# Can she learn to be romantic?



## Introubledeep (Mar 22, 2012)

My marriage was/perhaps still is, in a bad way.

We are going to marriage Counselling, and we have made huge improvements in our relationship very quickly in the last few weeks, although I certainly am not prepared to say that our marriage will definately survive. We still have a lot of issues to work through, but at least we are both trying sincerely to fix things up and make a fresh start. If this marriage is going to survive the next chapter, we have to make a lot of changes. 

One issue that has always been a passion killer for me is my wifes ruthlessly utilitarian approach to life. If I buy chocolates or flowers, I am just as likely to get chipped for wasting money as be thanked. 

I try to buy her presents that she will like for her birthday, christmas, or sometimes just for no particular reason, but these rarely work out. For example, once I bought her a nice garden swing seat, I knew she loved being in the garden, and I hoped that we could sit together out in the garden together sometimes and just talk and relax. She told me to take it back and swap it for a lawn trimmer...she wasn't trying to be rude or offensive or make any sort of point, she genuinely saw my gift as a waste of money. 

One time, knowing that she was the practical type, early in our marriage I bought her a bicycle for her birthday to make it easier for her to go to the shops which were about a quarter mile down the road. She used it about 4 times, and then sold it in a garage sale without the slightest bit of hesitation. 

I have bought her perfume a few times with mixed results, sometimes she seems to appreciate it, other times she simply tells me that she doesn't like the perfume and it ends up being used like very expensive air freshener in the toilet. 

Probably the most successful present was a garden cart (similar to a wheelbarrow). Yes I know it is a strange and unromantic present, but I was trying to buy her something that she would like; she was very happy with that because it was useful. 

There is no point paying for a massage, getting fingernails painted, a fancy hair do, a makeup session, and these sorts of things, she just sees it as a waste of money. 

OK, so one might conclude that I am not very good at understanding my wife or buying her presents, this is probably true to some extent, but seriously, I have never come across such a hard nosed ruthlessly utilitarian woman. This shuts down one avenue of trying to be creative, imaginative, spontaneous, romantic and fun. 

I have tried cooking meals for her, she did appreciate the effort but not the result, and she genuinely would prefer that she does the cooking. This idea was not a great success.

I have tried taking her out for dinner, she does appreciate it sometimes if the meal is not expensive, but slurping down some noodles in a crowded noodle retaurant doesn't really do it for me in the romance area. She outright rejects going to a more expensive restaurant because "it is a waste of money" and she can cook a better meal at home (which is probably true...she is a fine cook!)

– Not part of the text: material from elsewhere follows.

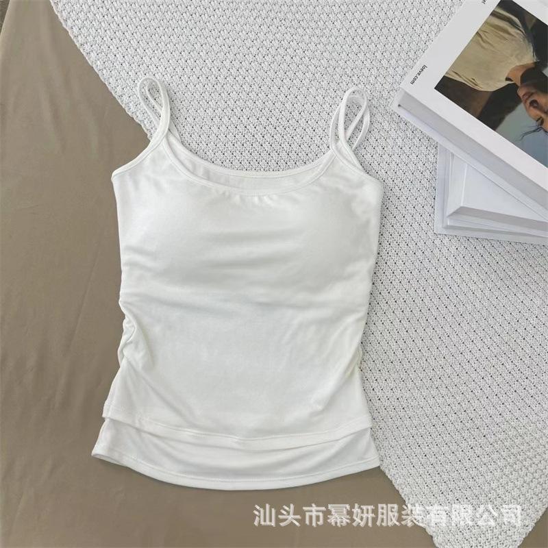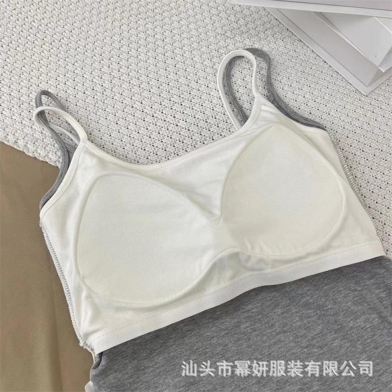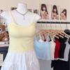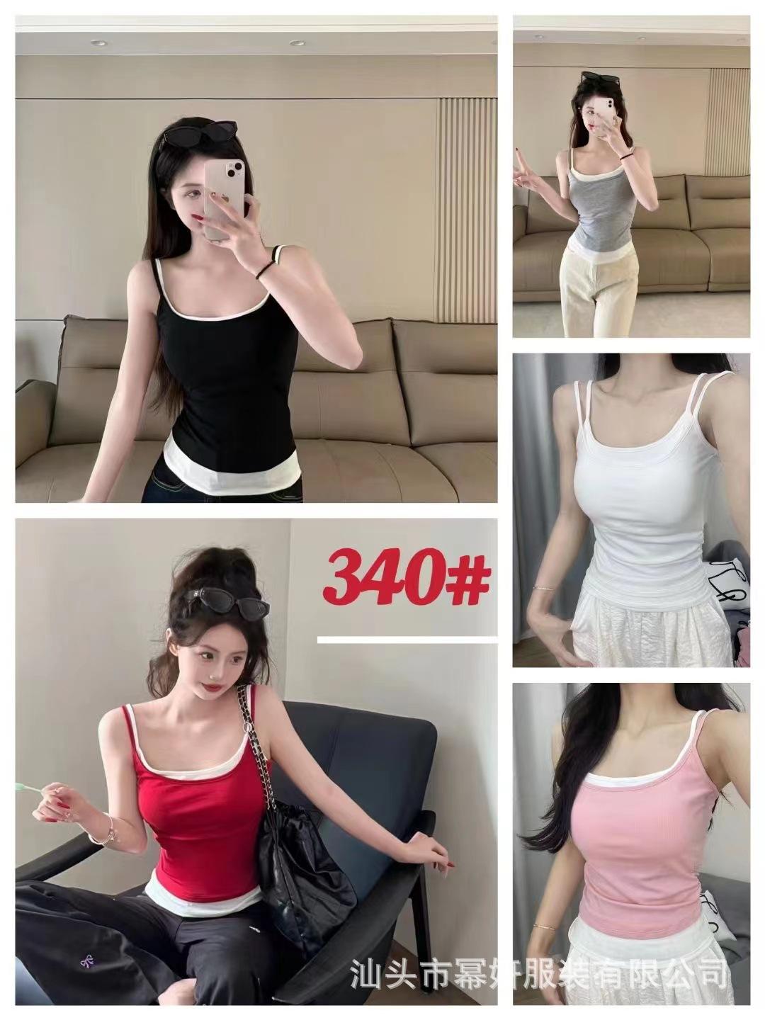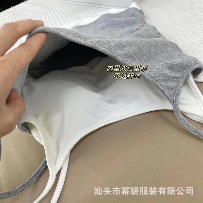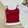 Dulce Spice Girl Costuras en Color de Contraste Falso Dos Piezas Hermosa Espalda Tirantes Envolventes Pecho Chaleco Verano Cinturón Almohadilla para el Pecho Versátil Ajustado Deseo Puro Top

I try to just accept her as she is, but sometimes it is a little bit painful, and it makes it very hard to do small practical things to show my love, affection, romance towards her. Has anyone got any insights into this personality characteristic to help me understand it? Has anyone else got a ruthlessly utilitarian woman? Any ideas on how else I might try to show her my appreciation and that I care about her?

Better yet, is there any hope for her learning to be just a tiny bit romantic?


----------



## seekinghelpnow (Apr 8, 2012)

I believe if one wants to they can learn anything to make their partner happy within reasonable expectations.
_Posted via Mobile Device_


----------



## Halien (Feb 20, 2011)

Are you sure that this is one area where she is really trying? Without knowing more, her responses can easily soung passive aggressive.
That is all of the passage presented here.